Solid stress compression enhances breast cancer cell migration through the upregulation of Interleukin-6

Apart from biochemical signals, tumour cells respond to biophysical and mechanical cues from their environment. The mechanical forces from the tumour microenvironment could be in the form of shear stress, tension, or solid stress compression. In this study, we explore the effects of solid stress compression on tumour cells. Solid stress compression, a prevalent biomechanical stimulus accumulated during tumour growth, has been shown to enhance invasive and metastatic phenotypes in cancer cells. However, the underlying molecular mechanism that elicits this aggressive metastatic phenotype, especially in breast cancer, is not well understood. Using an established 2D in vitro setup to apply incremental solid stress compression, we found that migratory and invasive capacities of aggressive breast cancer cells were enhanced in a biphasic manner.
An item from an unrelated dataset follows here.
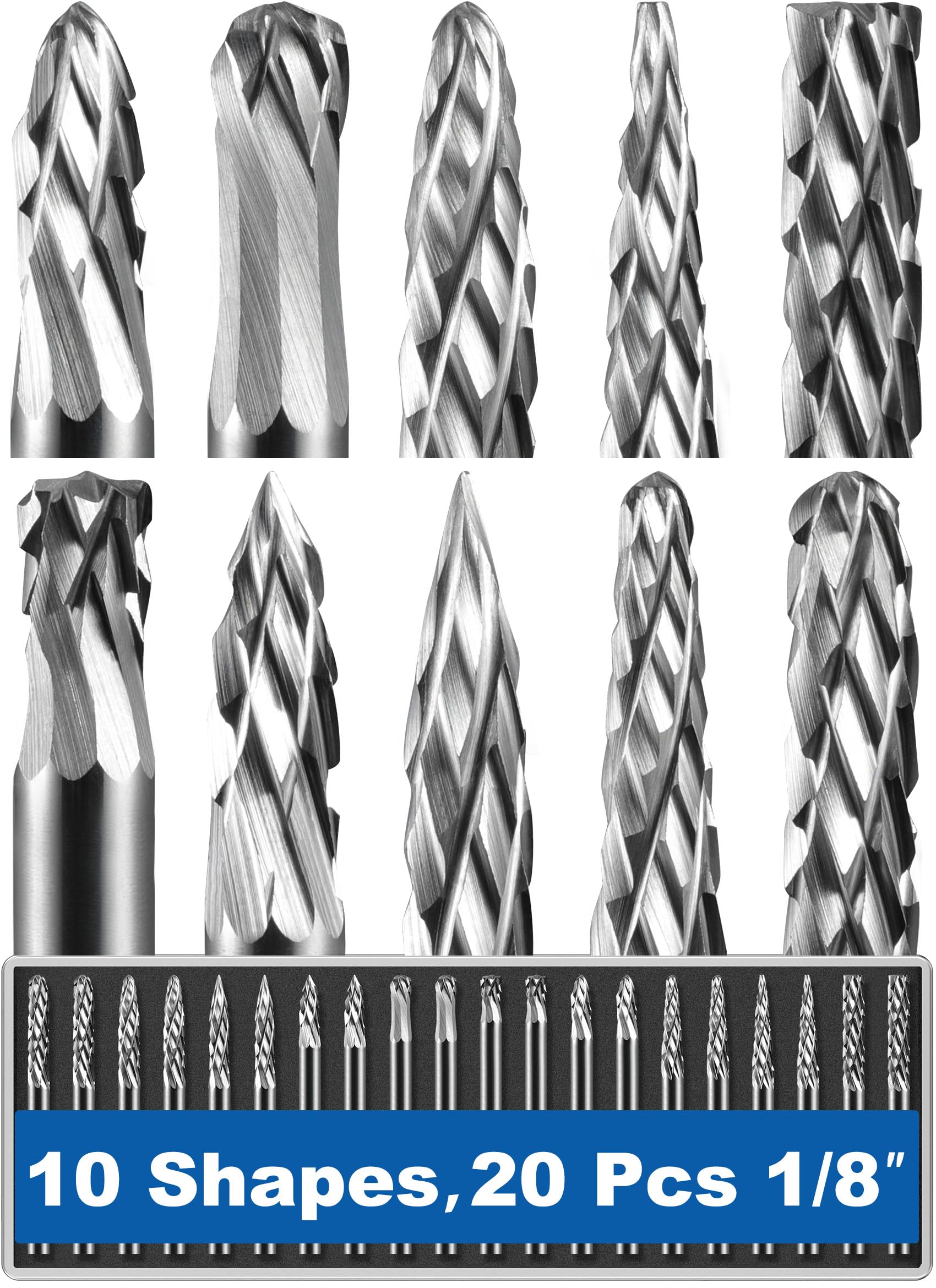 Sworker 20 Pcs Carbide Burr Set 1/8" Shank Compatible with Dremel Bits Rotary Tools Attachment Kit Rasp Drill File Accessories Metal Wood Stone Steel Grinding Carving Cutting Polishing Solid Tungsten

We also found that Interleukin-6 (IL-6) and SNAI1 transcripts and proteins were upregulated in response to solid stress. The resultant increased secretion of IL-6 could in turn lead to autocrine activation of downstream signalling pathways and impact on cancer cell migration and invasion. Overall design: RNA-seq profiling of MDA-MB-231 cells under different compressive stresses (Uncompressed 0 Pascals, 386.5 Pascals, 773 Pascals and 1546 Pascals) post 16 hours of compression.